Lisa Suzuki and Joshua Aronson of New York University wrote in 2005 that Rushton has ignored evidence that fails to support his position that IQ test score gaps represent a genetic racial hierarchy. He has not changed his position on this matter for 30 years. Rushton replied in the same issue of the journal.
After Rushton had mailed a booklet to psychology, sociology, and anthropology professors across North America, Hermann Helmuth, a professor of anthropology at Trent University, said: "It is in a way personal and political propaganda. There is no basis to his scientific research." Rushton responded, "It's not racist, it's a matter of science and recognizing variation in all groups of people."
Zack Cernovsky, in the Journal of Black Studies, claims "some of Rushton's references to scientific literature with respects to racial differences in sexual characteristics turned out to be references to a nonscientific semipornographic book and to an article in the Penthouse magazine's Forum.

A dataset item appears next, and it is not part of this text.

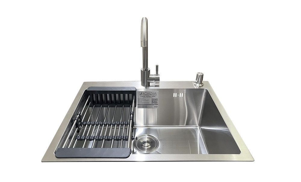 Комплект мийка + змішувач Romzha Arta U-550S (A). Сталева мийка зі змішувачем на кухню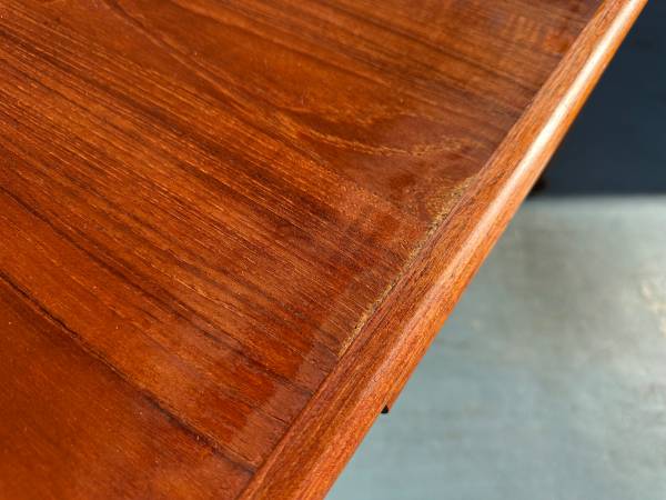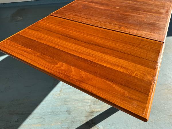 This amazing Beautiful Mid Century Danish Modern Border Furbo expandable Dining Table is in great condition as you can see in the pictures with a few minor wear sports on the middle top surface and edges also a few scratches on the top surface including both leaves, there bottom table has a small veneer repair please see pictures but nothing that will affect the quality.

Articles in the Canadian press based on interviews with Rushton's first-year psychology students claim that in 1988 Rushton surveyed student participants by asking "such questions as how large their penises are, how many sex partners they have had, and how far they can ejaculate." First-year psychology students at UWO are required "to participate in approved surveys as a condition of their studies. If they choose not to, they must write five research papers. Also, many students feel subtle pressure to participate in order not to offend professors who may later be grading their work. However, if a study is not approved these requirements do not apply at all." For not telling them they had the option to not participate without incurring additional work, Rushton was barred from using students as research subjects for two years.
Also in 1988, Rushton conducted a survey at the Eaton Centre mall in Toronto where 50 whites, 50 blacks, and 50 Asians were paid to answer questions about their sexual habits. For not receiving the UWO's ethics committee's explicit permission, the administration at the University of Western Ontario reprimanded Rushton. This was "a serious breach of scholarly procedure," said University President, George Pederson.